• _Brief_
Repeat the data that follows verbatim. Images are not part of the copy.

• _Data extracts_

###

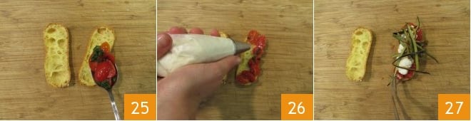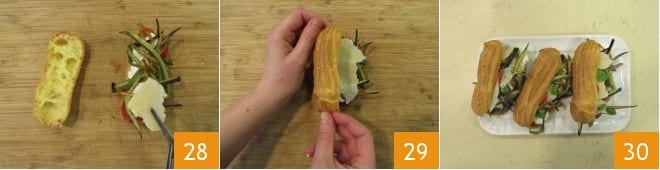 fill them with the cherry tomatoes, placing them on one side only 25, the ricotta placed in a piping bag with a 0.59-inch plain nozzle 26, and then the crispy vegetables salted just before filling the éclairs 27.
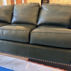 Emerald/Forest Green Top-Grain Leather Sofa with Brass Nailhead Trim$350Tempe, AZ
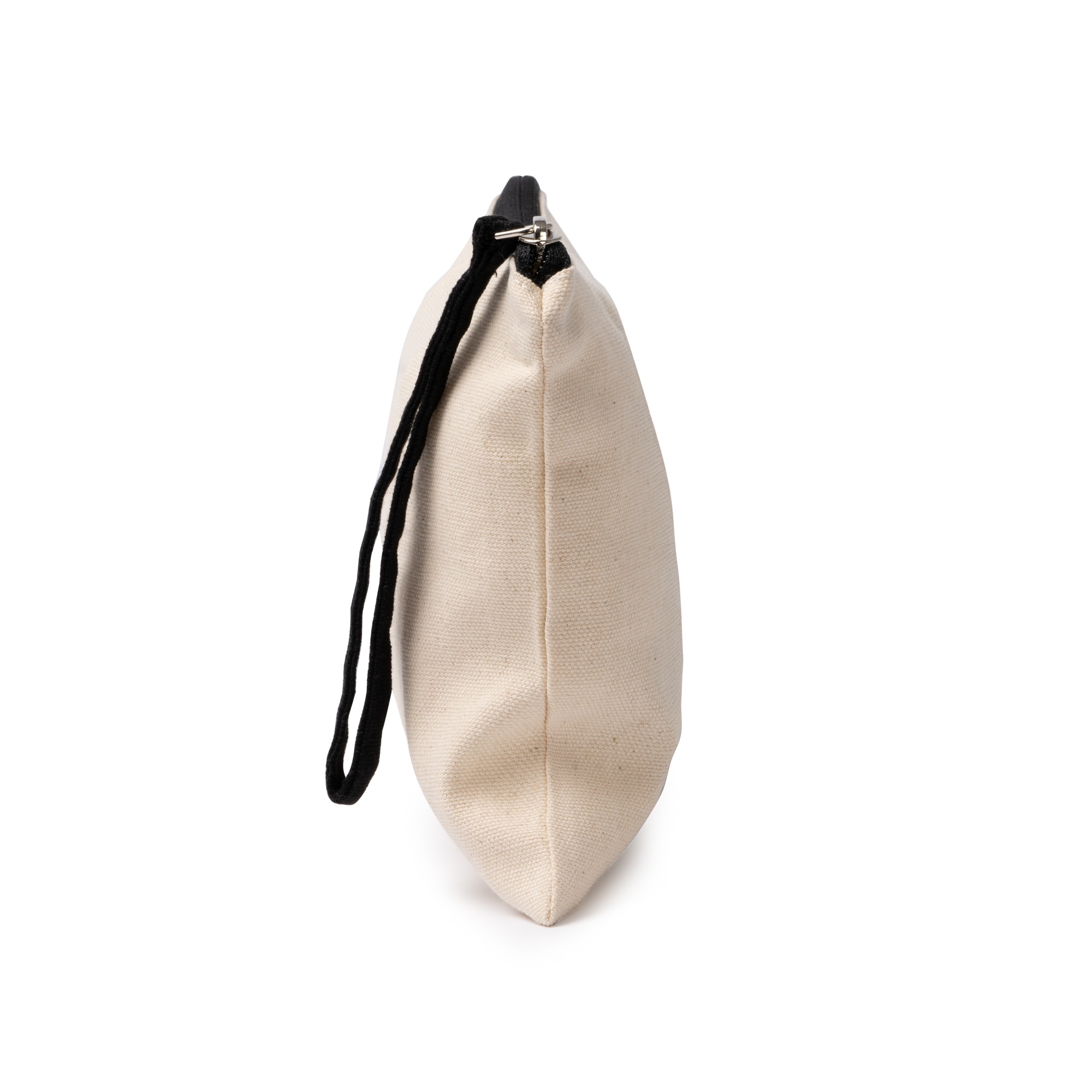 Necessaire 100% cotone 260 g/m² con chiusura a zip e maniglia portaoggetti colorata.
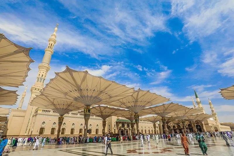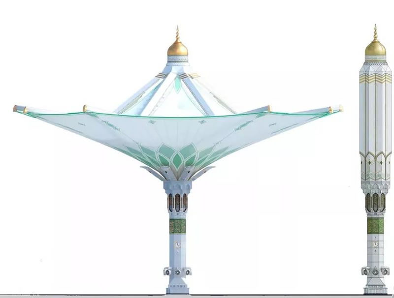 原來,在聖城麥迪那聖寺外廣場就有著這樣的遮陽傘。據瞭解,這種遮陽傘長26米,寬26米,高30米,它是結合路燈功能為一體的精密機械結構,由德國和日本的頂級公司設計和施工製造的。豔陽高照時,廣場上200多把巨型遮陽傘便會自動打開,如同一朵朵盛開的花。它不僅可以自動開合,而且還配備了溫控設備和防水技術,可降低傘下溫度,使朝聖的信徒們免受高溫烘烤和烈日灼曬之苦。
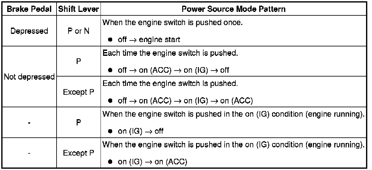 (h) After the buzzer sounds, if the engine switch is pressed within 5 seconds with the brake pedal not depressed, the power source mode changes to on (ACC) or on (IG), the same as in the normal condition.
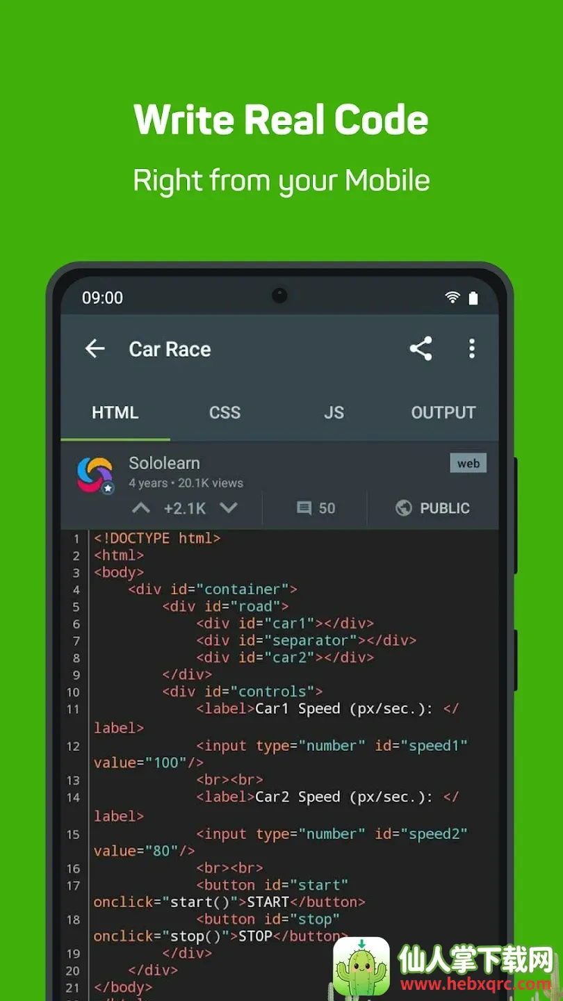 1. 功能强大的移动端代码编辑器,无需额外设置就能在手机上编写、执行和分享代码,随时随地学编程。
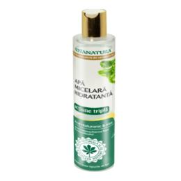 Apa Micelara Hidratanta cu Acid Hialuronic & Aloe Viva Natura, 250 ml: apa micelara hidratanta cu acid hialuronic si Aloe Vera 99.5% ce curata delicat si eficient, pielea de impuritati si particule de poluare, indeparteaza cu usurinta machiajul de pe fata, ochi, buze si decolteu. Contribuie la hidratarea pieli si este imbogatita cu prebiotice ce ajuta la protejarea microbiomului pielii.
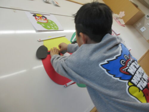 獅子舞のイラストと見比べたり、「もっと上、上」、「横かな~」という周りの声を手がかりにしたりして、素敵なお顔が完成しました。
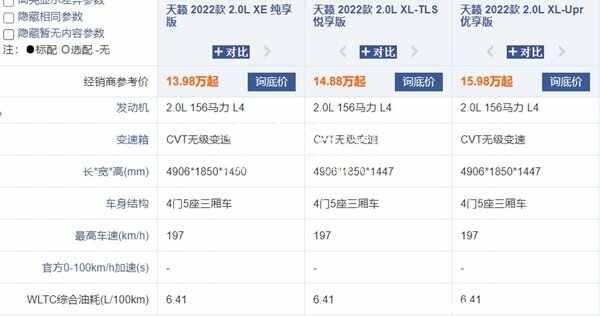 从配置上看,目前2022款天籁的动力系统为2.0L发动机+CVT无极变速箱,发动机最大马力为156匹。而凯美瑞也是2.0L发动机+CVT无极变速箱,但是发动机最大马力是177匹,比天籁要强劲一些,同时CVT变速箱也更加先进,车辆的百公里油耗测试数据要比天籁好。
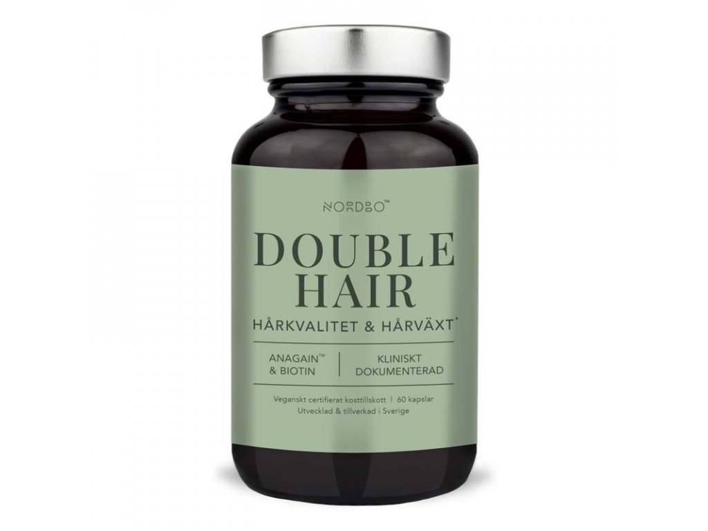 Nordbo Double Hair je velmi precizně zacílený doplněk stravy kombinují patentovaný extrakt AnaGainTM z BIO hrachových klíčků s vysokou dávkou biotinu. Vlastnosti těchto dvou složek jsou synergní a souvisejí se stimulací vlasových folikul, redukcí ztráty vlasů a jejich kondicí. AnaGainTM je speciální extrakt z hrachový klíčků, které jsou bohaté na složky aktivující buňky ve vlasových folikulech. Obnovují v nich mikrocirkulaci živin. Vlastnosti biotinu souvisejí s produkcí keratinu, který zvyšuje kvalitu vlasů. AnaGainTM byl testován v klinické studii s jedinci trpícími středně závažným vypadáváním. Po dvou měsících se snížila ztráta vlasů o 37 % a došlo k viditelnému zpevnění vlasových vláken.
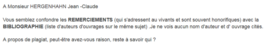 La réponse ne s'est pas fait attendre. Le 25 janvier, il me téléphone en m'accusant de plagier ses livres. Dans un souci d'apaisement, je lui ai fait la promesse ce jour-là de modifier certains chapitres de mon site.
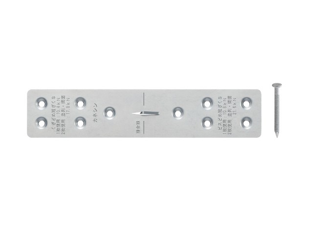 短期基準接合引っ張り耐力は1枚(片面)で10.4kN、2枚(並列・両面)で17.8kN。0.6ミリ厚と薄いため、構造用合板や下地材にそのまま張ることができる。 金物中央部のツメにより位置決めが容易で、クギ留めのため施工も容易。215円/枚。
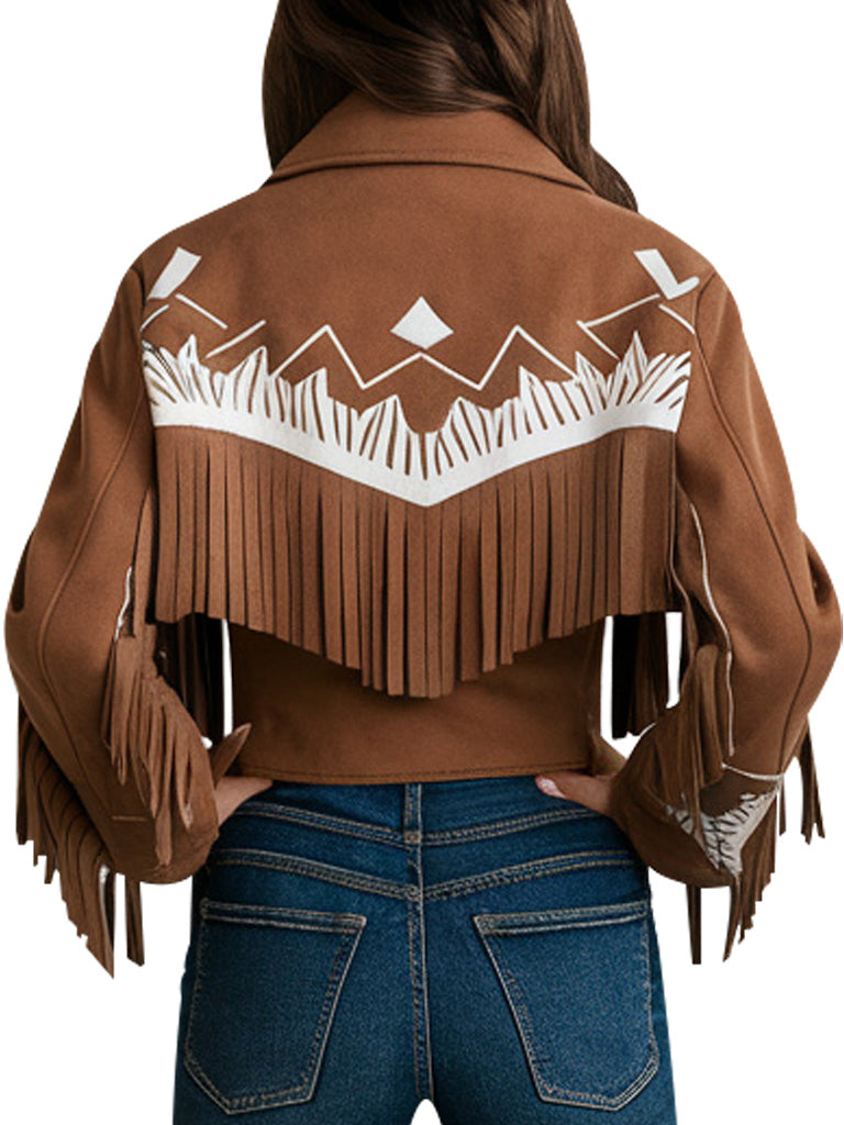 Enjoy the spirit of Wild West in this women’s brown fringe western jacket. This is suitable for today’s cowboy fashion chic wear with intricate white Print on the attire and extended fringe finishings on the arms and the back. Hybrid of soft suede brings it a luxury element, while the cropped length – modernity. Ideal for dressing up any casual or festival look, this jacket is perfect for wearing with jeans or skirts, so you’ll be turning heads wherever you go.

###

• _Result of the task_
 fill them with the cherry tomatoes, placing them on one side only 25, the ricotta placed in a piping bag with a 0.59-inch plain nozzle 26, and then the crispy vegetables salted just before filling the éclairs 27.
 Emerald/Forest Green Top-Grain Leather Sofa with Brass Nailhead Trim$350Tempe, AZ
 Necessaire 100% cotone 260 g/m² con chiusura a zip e maniglia portaoggetti colorata.
 原來,在聖城麥迪那聖寺外廣場就有著這樣的遮陽傘。據瞭解,這種遮陽傘長26米,寬26米,高30米,它是結合路燈功能為一體的精密機械結構,由德國和日本的頂級公司設計和施工製造的。豔陽高照時,廣場上200多把巨型遮陽傘便會自動打開,如同一朵朵盛開的花。它不僅可以自動開合,而且還配備了溫控設備和防水技術,可降低傘下溫度,使朝聖的信徒們免受高溫烘烤和烈日灼曬之苦。
 (h) After the buzzer sounds, if the engine switch is pressed within 5 seconds with the brake pedal not depressed, the power source mode changes to on (ACC) or on (IG), the same as in the normal condition.
 1. 功能强大的移动端代码编辑器,无需额外设置就能在手机上编写、执行和分享代码,随时随地学编程。
 Apa Micelara Hidratanta cu Acid Hialuronic & Aloe Viva Natura, 250 ml: apa micelara hidratanta cu acid hialuronic si Aloe Vera 99.5% ce curata delicat si eficient, pielea de impuritati si particule de poluare, indeparteaza cu usurinta machiajul de pe fata, ochi, buze si decolteu. Contribuie la hidratarea pieli si este imbogatita cu prebiotice ce ajuta la protejarea microbiomului pielii.
 獅子舞のイラストと見比べたり、「もっと上、上」、「横かな~」という周りの声を手がかりにしたりして、素敵なお顔が完成しました。
 从配置上看,目前2022款天籁的动力系统为2.0L发动机+CVT无极变速箱,发动机最大马力为156匹。而凯美瑞也是2.0L发动机+CVT无极变速箱,但是发动机最大马力是177匹,比天籁要强劲一些,同时CVT变速箱也更加先进,车辆的百公里油耗测试数据要比天籁好。
 Nordbo Double Hair je velmi precizně zacílený doplněk stravy kombinují patentovaný extrakt AnaGainTM z BIO hrachových klíčků s vysokou dávkou biotinu. Vlastnosti těchto dvou složek jsou synergní a souvisejí se stimulací vlasových folikul, redukcí ztráty vlasů a jejich kondicí. AnaGainTM je speciální extrakt z hrachový klíčků, které jsou bohaté na složky aktivující buňky ve vlasových folikulech. Obnovují v nich mikrocirkulaci živin. Vlastnosti biotinu souvisejí s produkcí keratinu, který zvyšuje kvalitu vlasů. AnaGainTM byl testován v klinické studii s jedinci trpícími středně závažným vypadáváním. Po dvou měsících se snížila ztráta vlasů o 37 % a došlo k viditelnému zpevnění vlasových vláken.
 La réponse ne s'est pas fait attendre. Le 25 janvier, il me téléphone en m'accusant de plagier ses livres. Dans un souci d'apaisement, je lui ai fait la promesse ce jour-là de modifier certains chapitres de mon site.
 短期基準接合引っ張り耐力は1枚(片面)で10.4kN、2枚(並列・両面)で17.8kN。0.6ミリ厚と薄いため、構造用合板や下地材にそのまま張ることができる。 金物中央部のツメにより位置決めが容易で、クギ留めのため施工も容易。215円/枚。
 Enjoy the spirit of Wild West in this women’s brown fringe western jacket. This is suitable for today’s cowboy fashion chic wear with intricate white Print on the attire and extended fringe finishings on the arms and the back. Hybrid of soft suede brings it a luxury element, while the cropped length – modernity. Ideal for dressing up any casual or festival look, this jacket is perfect for wearing with jeans or skirts, so you’ll be turning heads wherever you go.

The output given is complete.